> Task goal:
With the pictures removed, retype the lines from the one holding "Visit us : ChhattisgarhCMO" through the end of the records, exactly as written.

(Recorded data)
○ ○ ○ ○
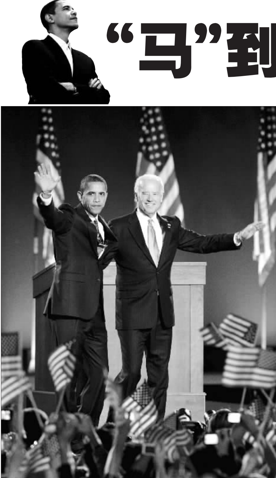
奥巴马(左)和拜登在芝加哥宣布大获全胜

美国总统选举4日落幕。贝拉克·奥巴马以巨大优势击败共和党对手约翰·麦凯恩，历史性地当选美国首名非洲裔总统。 他定于2009年1月20日就任第56届总统。 压倒性胜利 统计结果显示，截至美国东部时间5日7时(北京时间20时)，奥巴马赢得338张选举人票，远超当选所需270张。麦凯恩仅获163张。 奥巴马赢得6200多万张选民选票，总数过半，麦凯恩5500多万。 与选前多数民意调查相符，开票后不久悬念尽失。至美国东部时间4日晚上11时(北京时间5日12时)，奥巴马已稳获胜佛罗里达州、弗吉尼亚州、俄亥俄州和宾夕法尼亚州。 这4州皆为“战场州”，选举形势早早早明朗。麦凯恩大势已去，11时(北京时间5日12时)刚过打电话给奥巴马，承认失败。 11时30分(北京时间5日12时30分)前后，他发表讲话认输。 11时12分左右，总统乔治·W·布什祝贺奥巴马当选，承诺积极配合权力交接，“你将开始人生中伟大的一段经历，尽量享受吧”。 历史性成就 奥巴马随后在芝加哥向10多万名支持者发表讲话，承诺与共和党合作，为美国带来变革。 奥巴马支持者在各地庆祝、狂欢。 电视画面显示，在芝加哥、华盛顿、纽约等城市中心区，电视墙上滚动播放着奥巴马获胜的画面。 众多选民挥舞着标语牌，高呼“奥巴马！奥巴马！”不少非洲裔选民流下激动的泪水。 佐治亚州联邦众议员、民权运动领导人约翰·刘易斯形容，奥巴马当选，如同美国政治一场“非暴力革命”，表明非洲裔人口政治权利得到显著提升。 全面性优势 除了总统和副总统外，选民还选出35名参议员，全部435名众议员和11个州的州长。 参议院和众议院方面，民主党扩大优势。 现阶段，民主党占据参议院51席，共和党49席。美联社推测，民主党将扩大领先优势，但难以取得60席。 如果民主党获得60个席位，将消除共和党否决议案的可能性。 众议院方面，民主党现阶段以236领先于共和党的199席位。民主党可能再增加20个席位。 一些分析师认为，4日选举结果意味着，民主党将控制白宫和国会两院，显示共和党全面麻烦。 4日开票过程中，美国各大媒体选举地图上，代表民主党的“蓝色”不断“吞噬”原属共和党票仓的“红色州”。 一些分析师说，金融危机和奥巴马超强人格魅力固然帮助民主党大胜，但共和党必须直面现实，从自身找原因。 布什前助理皮特·魏纳承认共和党“麻烦不小”，但认为自身理念并没有落后于时代。 克林顿不这么认为。他在纽约说，选民不单单在两名候选人之间做出选择，更看重两党执政理念。 韩建军(新华社供本报特稿)
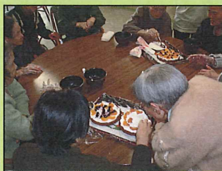
12月、おやつクリスマスケーキ作り
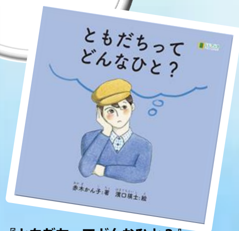
『ともだちってどんなひと?』 赤木かん子作 濱口瑛士絵 埼玉福祉会
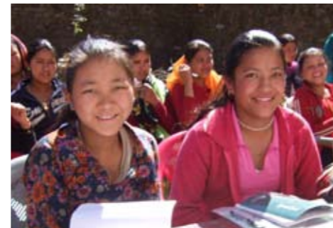
4 Styrking av jenters selvtillitt.
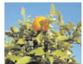
32. CITRUS (- 5)
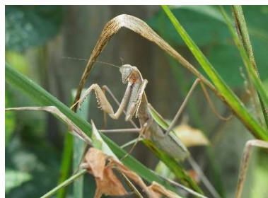
〈 チョウセンカマキリ 〉
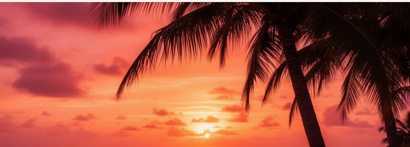
Coucher de soleil sur les Caraïbes
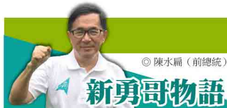
◎ 陳水扁 (前總統)
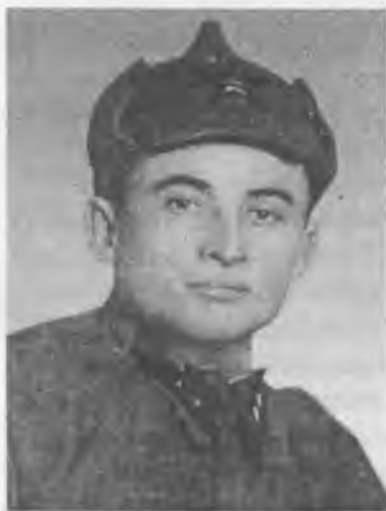
Магомед Узуев, Герой России

В связи с депортацией чеченского народа 23 февраля 1944 г. сотням чеченцев, представленным к высоким наградам и званию Героя Советского Союза, было в этом отказано.
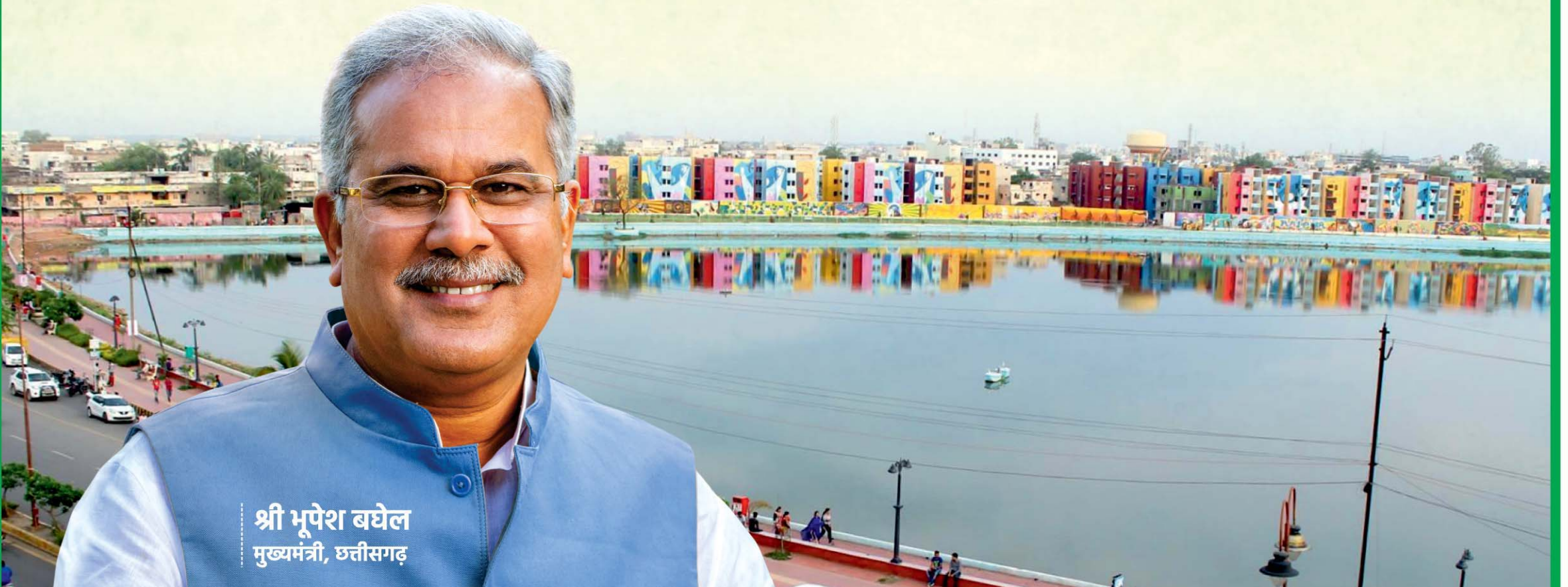
श्री भूपेश बघेल मुख्यमंत्री, छत्तीसगढ़

Visit us : ChhattisgarhCMO ChhattisgarhCMO ChhattisgarhCMO ChhattisgarhCMO DPRChhattisgarh DPRChhattisgarh www.dprcg.gov.in
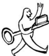
avoir la clef (2).jpg
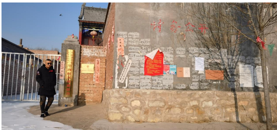
图 6 黑涧村公示
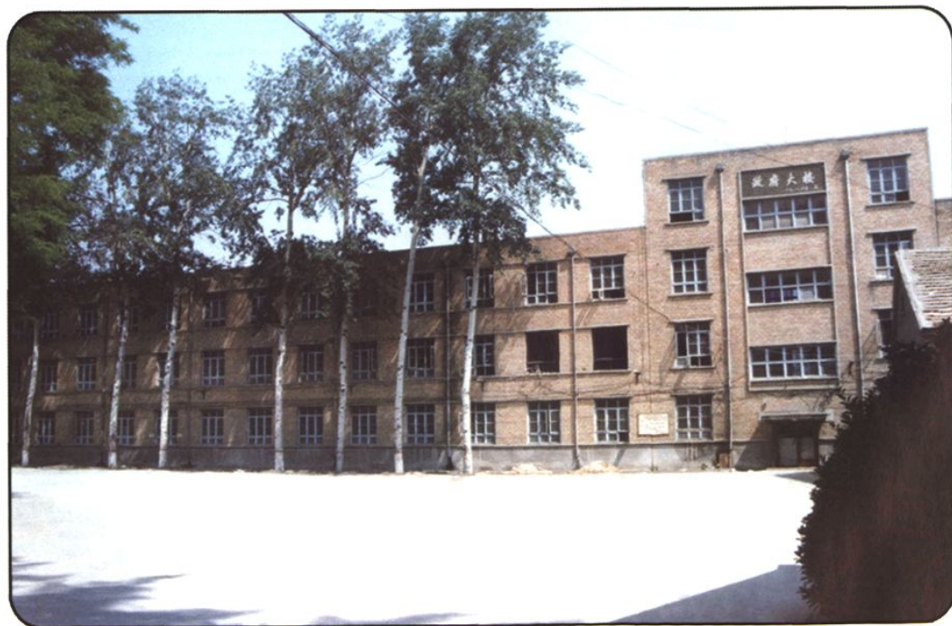
七八十年代县委、县政府办公楼
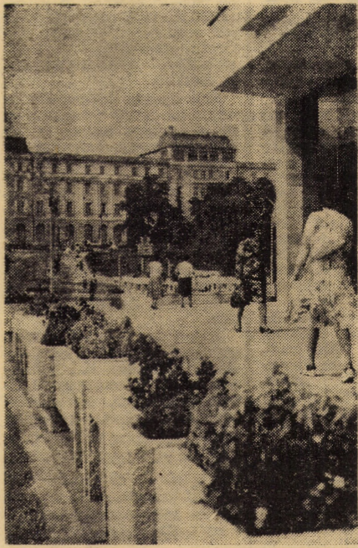
Frumosul cotidian: Piața Unirii Sibiu
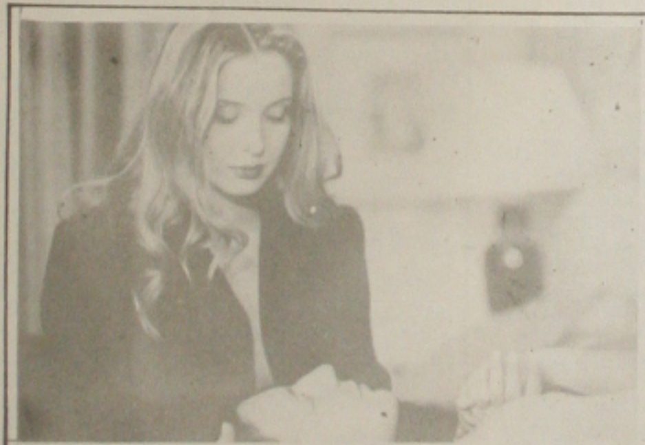
A atriz Julie Delpy em cena do filme "A Igualdade é Branca", em cartaz hoje, às 21 horas, e amanhã, às 9 horas, no Cine Riomar.
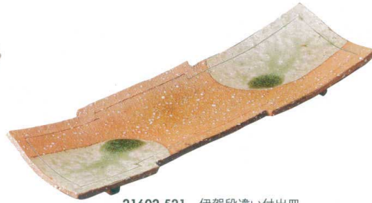
21602-521 伊賀段違い付出皿 9,000円 (35×11.5×4.2cm) 手造り
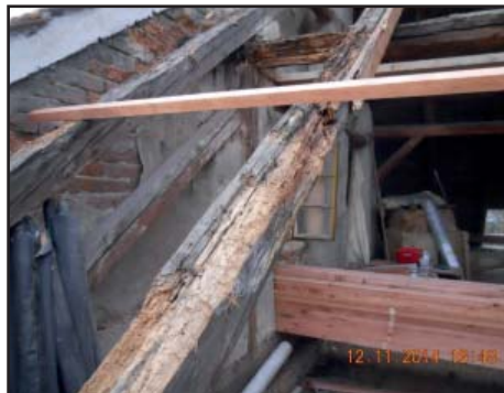
Stav dřevěné konstrukce
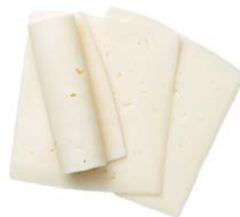
גבינת עיזים בלוק Goat cheese block
○ ○ ○ ○
> Exercise result:
Visit us : ChhattisgarhCMO ChhattisgarhCMO ChhattisgarhCMO ChhattisgarhCMO DPRChhattisgarh DPRChhattisgarh www.dprcg.gov.in
avoir la clef (2).jpg
图 6 黑涧村公示
七八十年代县委、县政府办公楼
Frumosul cotidian: Piața Unirii Sibiu
A atriz Julie Delpy em cena do filme "A Igualdade é Branca", em cartaz hoje, às 21 horas, e amanhã, às 9 horas, no Cine Riomar.
21602-521 伊賀段違い付出皿 9,000円 (35×11.5×4.2cm) 手造り
Stav dřevěné konstrukce
גבינת עיזים בלוק Goat cheese block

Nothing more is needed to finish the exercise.